Guest tours took her to Berlin and Venice (1964), Spain (1965), Munich (1966) and Zurich (1967) with the ballet of the Hamburg State Opera, and to Denmark, Germany, France, Italy, Canada, Cuba, Luxembourg, Mexico, the Netherlands, Poland and Portugal with the "ballet du XXième siècle" among others.

In 1979, she retired from the stage and founded a ballet school in Brussels, which she gave up in the mid-1980s. She then taught in Munich, among others in the Dance Project and in the Roleff-King Ballet School.
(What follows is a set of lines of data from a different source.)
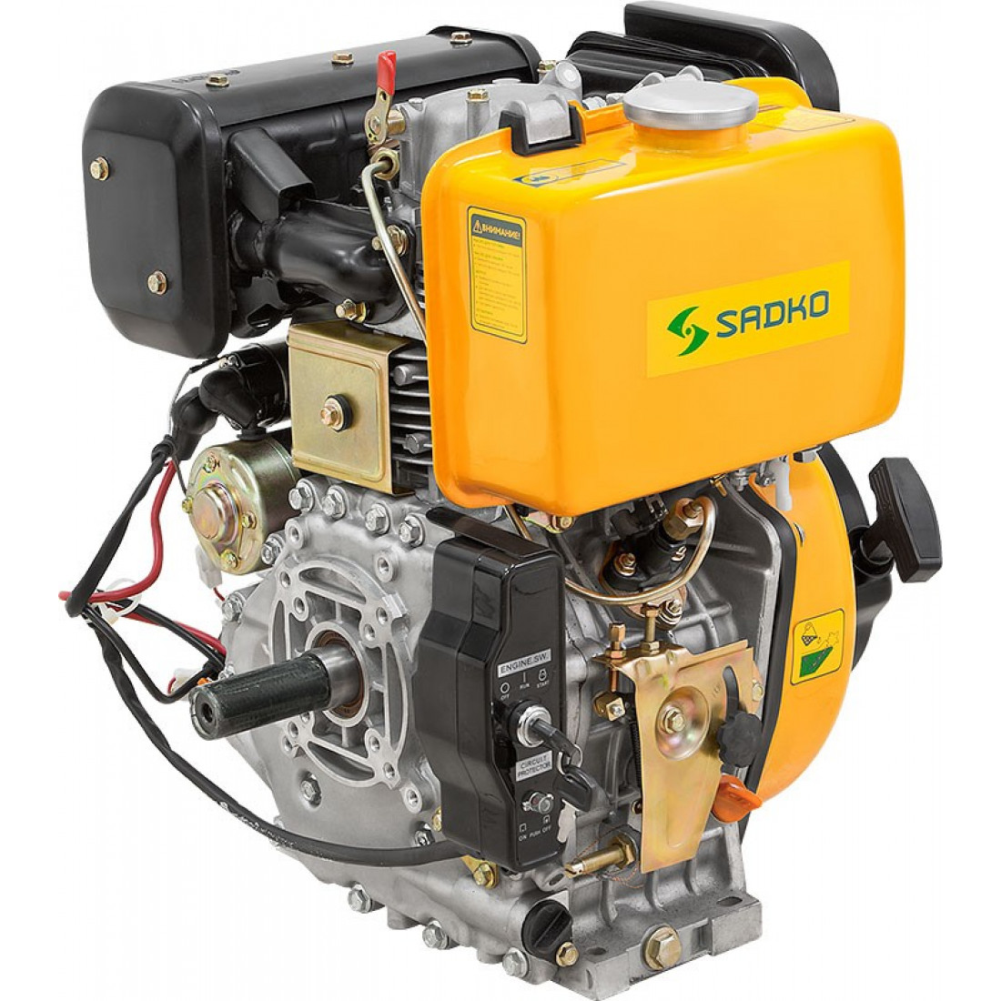 Дизельный двигатель Садко 410 ДЕ имеет мощность 9 л.с. и оснащен принудительным воздушным охлаждением, объем картера для масла составляет 1,65 литра. Топливного бака, объем которого составляет 5,5 литров, хватает примерно на 5 -6 часов работы. Запуск осуществляется как электрическим стартером, так и инерционным стартером. Двигатель оснащен функциями автоматического регулирования оборотов и автоматического стопа, а так же датчиком контроля уровня масла (аварийная защита срабатывает при низком уровне масла в двигателе). Автоматический регулятор оборотов позволяет работать двигателю с максимальной мощностью при минимальном расходе топлива.
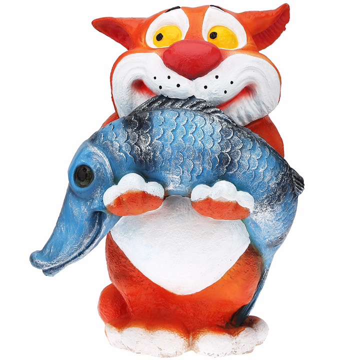 Скульптура-фигура для сада из полистоуна "Кот с щукой".
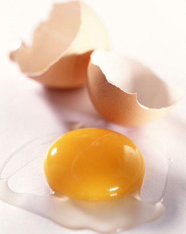 Gội tóc sạch, để còn ẩm. Tách một lòng đỏ trứng gà trộn với một thìa dầu oliu + 1 thìa bột mì làm thành hỗn hợp sệt bôi đều lên tóc. Ủ tóc bằng khăn ấm hoặc mũ tắm trong vòng một tiếng rồi gội lại bằng nước sạch.
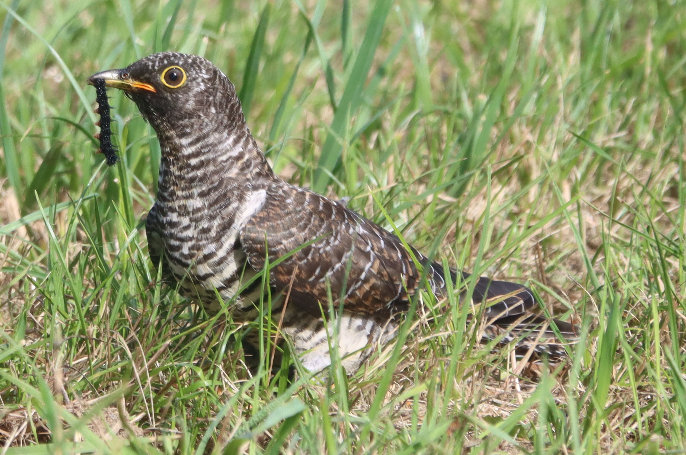 Denn die Hauptnahrung der Kuckucke sind dagegen borstige, haarige Raupen. Der junge Kuckuck jagt und frißt diese Raupen sofort, nachdem er flügge und selbstständig ist. Das kann man auch auf meinen Fotos sehen. Er ist halt ein Kuckuck, während ihn seine Pflegeeltern sozusagen mit Schonkost großgezogen haben. Der junge Vogel hat sich alles von ihnen gemerkt. Wie sie sich anhören, wie sie aussehen und wo sie ihr Nest gebaut haben. Und nächstes Jahr im Frühling wird er an seinen Geburtsort zurückkehren. Seine richtigen Eltern wird er nie sehen.

She had been married since 1969 to the (exiled) Polish concert pianist and composer Piotr Lachert (later divorced), who dedicated the ballet Angelica to her in 1972. Her son Tigran Albrecht is the offspring of her relationship with the choreographer Lorca Massine, the eldest son of Léonide Massine.

Albrecht died in Munich at the age of 57. Her estate is located in the Deutsches Tanzarchiv Köln.

== Repertoire ==
- Calliope in Apollon Musagète (George Balanchine) – Hamburg 1962.
- Walzer in Les Sylphides (Michel Fokine) – Hamburg 1962.
- Cholerikerin in Die Vier Temperamente (George Balanchine) – Hamburg 1963.
- Die Nacht in Orpheus und Eurydike (George Balanchine) – Hamburg 1963.
- Ariadne in Bacchus und Ariadne (George Skibine) – Wuppertal 1964.
- Beide Hauptrollen in Concerto barocco (George Balanchine) – Hamburg 1966.
- Hauptrolle in Symphony in C (George Balanchine) – Hamburg 1966.
- Carmen in Carmen (Roland Petit) – Hamburg 1967.
- Anna II in Die Sieben Todsünden (Dragutin Boldin) – Lübeck 1967.
- Die Auserwählte in Sacre du Printemps (Maurice Béjart) – Brüssel 1967.
- Klassische Partie in Messe pour le temps présent (Maurice Béjart) – Avignon 1967.
- Fliederfee in Ni fleurs ni couronnes (Maurice Béjart) – Grenoble 1968.
- La Femme in Baudelaire (Maurice Béjart) – Brüssel 1968.
- Königin Mab in Romeo et Juliette (Maurice Béjart) – Brüssel 1968.
- Shakti in Bhakti (Maurice Béjart) – Avignon 1968.
- Yolande in Les 4 Fils Aymon (Léonide Massine/Paolo Bortoluzzi/Maurice Béjart) – Avignon 1969.
- Elle in Les Vainqueurs (Maurice Béjart) – Brüssel 1969.

== Reception ==
- Wilfried Hofman: "Angele Albrecht is a stroke of luck: she is an entirely original dancing talent, a woman of high, exotic and yet classical beauty and at the same time a modest, uncorruptible girl".
- Malve Gradinger: "a technically highly brilliant interpreter with a strong personality".